Gejala Awal Kanker Rektum

 

Kanker Rektum

Kanker Rektum

Pertumbuhan abnormal pada kolon atau rectumKebanyakan kanker kolorektal berawal dari sebuah polip yang berawal tumbuh pada lapisan dalam pada kolon atau rektum dan tumbuh ke tengah. Kebanyakan polip bukan merupakan kanker. Hanya polip jenis tertentu (yang dikenal adenoma) dapat berubah menjadi kanker. Mengangkat polip lebih awal, saat masih berukuran kecil, dapat mencegah menjadi kanker.

Lebih dari 95% kanker kolon dan rektum adalah adenocarcinoma. Kanker ini bermula pada sel-sel kelenjar, sel-sel terdapat di bagian dalam kolon dan rektum.

Gejala-gejala kanker kolorektal ²

Pada stage awal penyakit, gejala kanker kolorektal dapat minimal, atau tidak tampak sama sekali. Seiring penyakit berkembang, gejala-gejala dapat meningkat dalam kuantitas dan derajat keparahan. Karena gejala kanker kolorektal sering tidak muncul hingga penyakit berkembang melewati stage awal, pemeriksaan regular direkomendasikan, dan sebaiknya menjadi rencana kesehatan yang rutin pada pasien di atas usia 50 tahun. Jika kamu berusia di bawah 50 dan memiliki riwayat keluarga kanker kolorektal atau faktor resiko lain, sebaiknya diskusikan dengan doktermu untuk melakukan pemeriksaan regular.

Gejala kanker rektum

Gejala-gejala kaker rektum dapat mirip dengan penyakit usus lainnya, seperti kolitis ulseratif, Crohn’s disease, ataupun kanker kolon atau kolorektal. Seringkali tidak ada gejala awal pada kanker rectum. Seiring kanker berkembang, gejala kanker rektum dapat menjadi lebih tampak dan lebih parah. Pasien dengan iritasi usus, seperti kolitis ulseratif atau Crohn’s disease, dapat mengalami periode keringanan di mana gejala mereda.

Tanda-tanda kanker rektum

Perkembangan tumor pada rektum atau kanal anal dapat merubah konsistensi, bentuk atau frekuensi pergerakan usus. Keparahan gejala dapat meningkat atau gejala lain dapat terjadi seiring penyebaran kanker melewati rektum atau ke kolon. Perdarahan rektum dapat menyebabkan feses berwarna merah terang. Tumor yang berdarah juga dapat merubah warna feses, terkadang membuat feses sangat gelap.

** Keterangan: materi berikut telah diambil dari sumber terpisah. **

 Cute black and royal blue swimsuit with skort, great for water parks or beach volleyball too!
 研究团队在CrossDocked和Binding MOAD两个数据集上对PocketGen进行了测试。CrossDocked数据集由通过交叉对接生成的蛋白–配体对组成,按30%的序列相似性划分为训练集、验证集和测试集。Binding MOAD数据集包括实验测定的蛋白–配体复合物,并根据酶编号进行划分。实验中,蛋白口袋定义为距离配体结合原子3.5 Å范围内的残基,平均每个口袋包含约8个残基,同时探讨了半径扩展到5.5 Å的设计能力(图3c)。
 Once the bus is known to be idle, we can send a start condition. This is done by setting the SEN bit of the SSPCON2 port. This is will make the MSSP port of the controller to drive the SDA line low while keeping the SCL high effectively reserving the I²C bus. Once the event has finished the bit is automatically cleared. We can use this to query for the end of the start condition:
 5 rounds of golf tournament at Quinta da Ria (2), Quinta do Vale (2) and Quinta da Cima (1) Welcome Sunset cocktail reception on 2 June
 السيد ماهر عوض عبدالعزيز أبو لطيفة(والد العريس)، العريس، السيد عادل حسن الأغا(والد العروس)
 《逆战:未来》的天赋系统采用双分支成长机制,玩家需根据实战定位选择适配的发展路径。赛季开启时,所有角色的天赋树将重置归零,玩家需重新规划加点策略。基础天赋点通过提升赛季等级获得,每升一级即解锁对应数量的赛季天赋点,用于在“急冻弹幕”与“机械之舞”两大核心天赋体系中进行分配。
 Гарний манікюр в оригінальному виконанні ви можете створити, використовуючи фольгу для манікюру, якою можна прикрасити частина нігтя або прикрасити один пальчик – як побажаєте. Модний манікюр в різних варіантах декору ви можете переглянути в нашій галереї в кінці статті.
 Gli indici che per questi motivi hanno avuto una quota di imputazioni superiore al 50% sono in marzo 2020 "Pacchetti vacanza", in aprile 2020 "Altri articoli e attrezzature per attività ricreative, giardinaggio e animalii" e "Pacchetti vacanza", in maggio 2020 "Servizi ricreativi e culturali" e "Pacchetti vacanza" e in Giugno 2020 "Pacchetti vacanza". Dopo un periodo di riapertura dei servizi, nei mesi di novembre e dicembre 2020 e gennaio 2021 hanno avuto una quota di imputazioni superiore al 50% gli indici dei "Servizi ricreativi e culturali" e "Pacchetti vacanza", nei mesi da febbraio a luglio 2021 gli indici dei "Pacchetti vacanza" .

Tanda-tanda kanker rektum yang berhubungan dengan perubahan kebiasaan BAB :

  • Diare
  • Konstipasi
  • Tidak dapat mengosongkan buangan secara sempurna
  • Perubahan ukuran atau bentuk feses (lebih tipis dari biasanya)
  • Perdarahan pada feses (dapar merah terang atau sangat gelap)

Gejala umum kanker rektum

Pada stage awal kanker rektum mungkin tidak terdapat gejala. Namun, perubahan yang lebih sistemik dapat menghasilkan tumor berkembang semakin dalam ke lapisan jaringan rektum atau jika kanker menyebar (metastasis) ke seluruh tubuh.

Gejala umum kanker rektum :

  • Nyeri pada rektum
  • Nyeri atau ketidaknyamanan abdomen
  • Kram perut
  • Perasaan perut buncit atau penuh
  • Perubahan napsu makan
  • Kelelahan

Terdapat beberapa metode pemeriksaan yang dapat mendeteksi polip atau kanker. Pemeriksaan mungkin dapat menemukan kanker sebelum tampak gejala.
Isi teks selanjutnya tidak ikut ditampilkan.